## Stored data

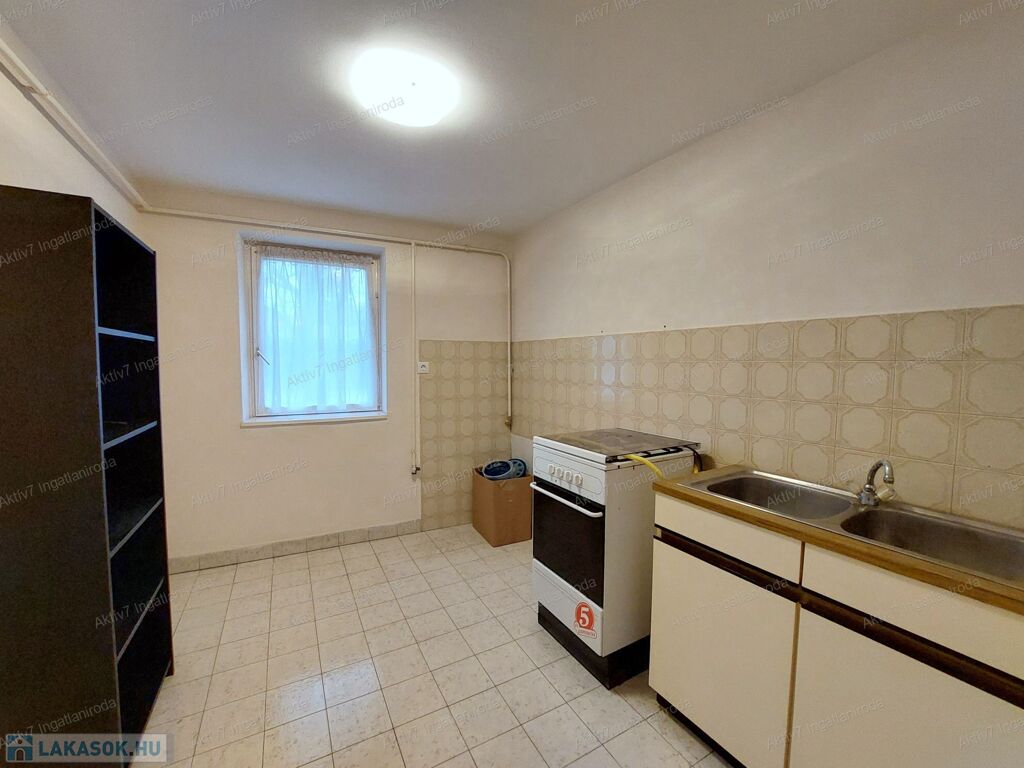- Egy nagy méretű szoba és egy tágas konyha: a konyha akár szobává alakítható, így amerikai konyhás nappali + egy külön szoba is kialakítható.
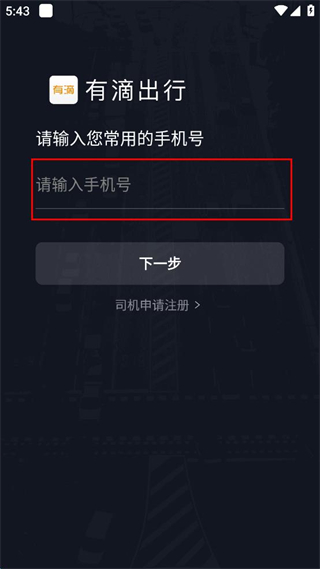 2、進入有滴出行的手機號輸入頁面,找到請輸入手機號輸入框,準備填寫常用手機號。
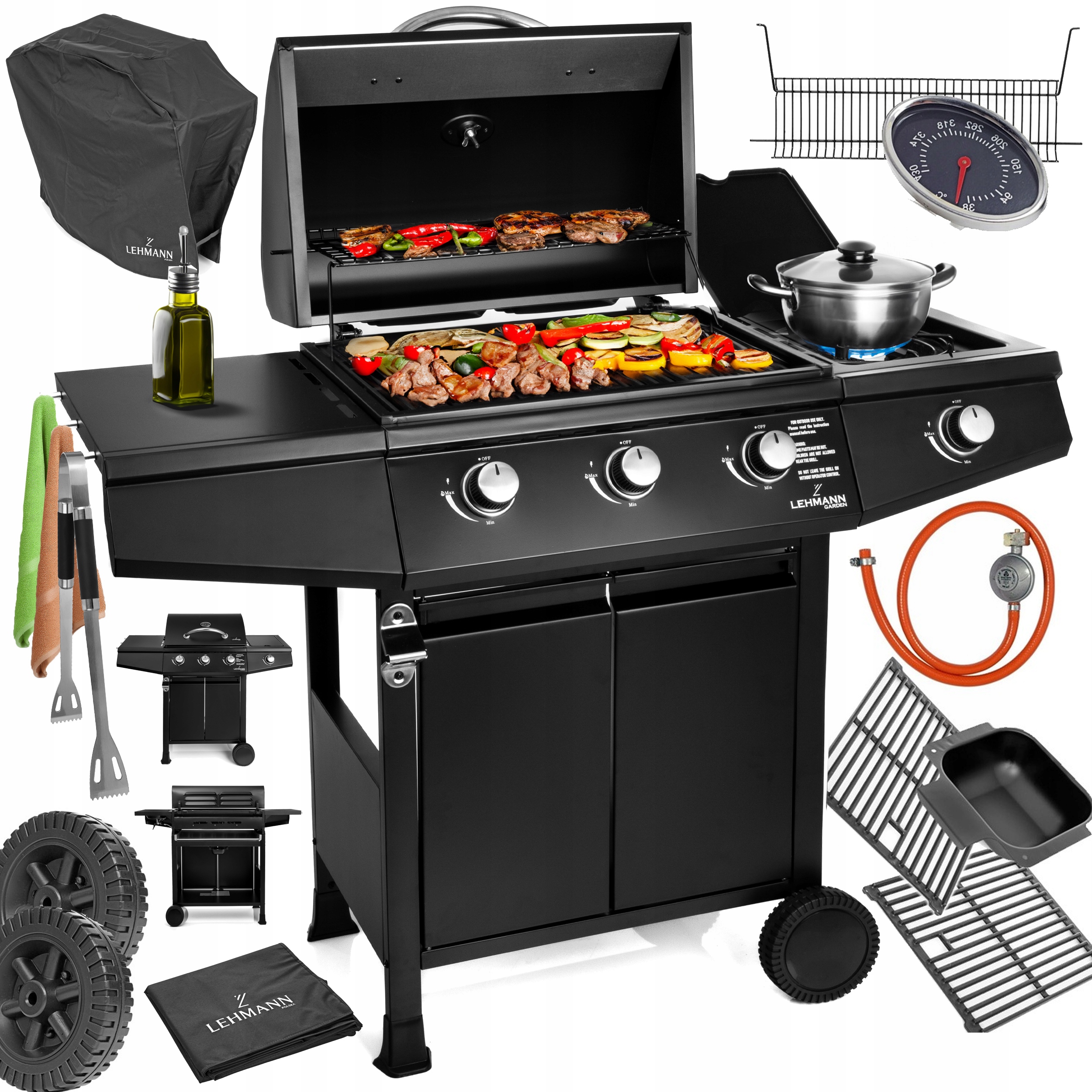 MOCNY GRILL GAZOWY STALOWY RUSZT ŻELIWNY 3+1 TEXAS CZARNY ZESTAW +POKROWIEC Marka Lehmann

## Instructions for the task
The answer must be an exact copy of the lines from the one that holds "2、進入有滴出行的手機號輸入頁面,找到請輸入手機號輸入框,準備填寫常用手機號。" through the end of the data, both included, with no pictures.

## Problem solution
 2、進入有滴出行的手機號輸入頁面,找到請輸入手機號輸入框,準備填寫常用手機號。
 MOCNY GRILL GAZOWY STALOWY RUSZT ŻELIWNY 3+1 TEXAS CZARNY ZESTAW +POKROWIEC Marka Lehmann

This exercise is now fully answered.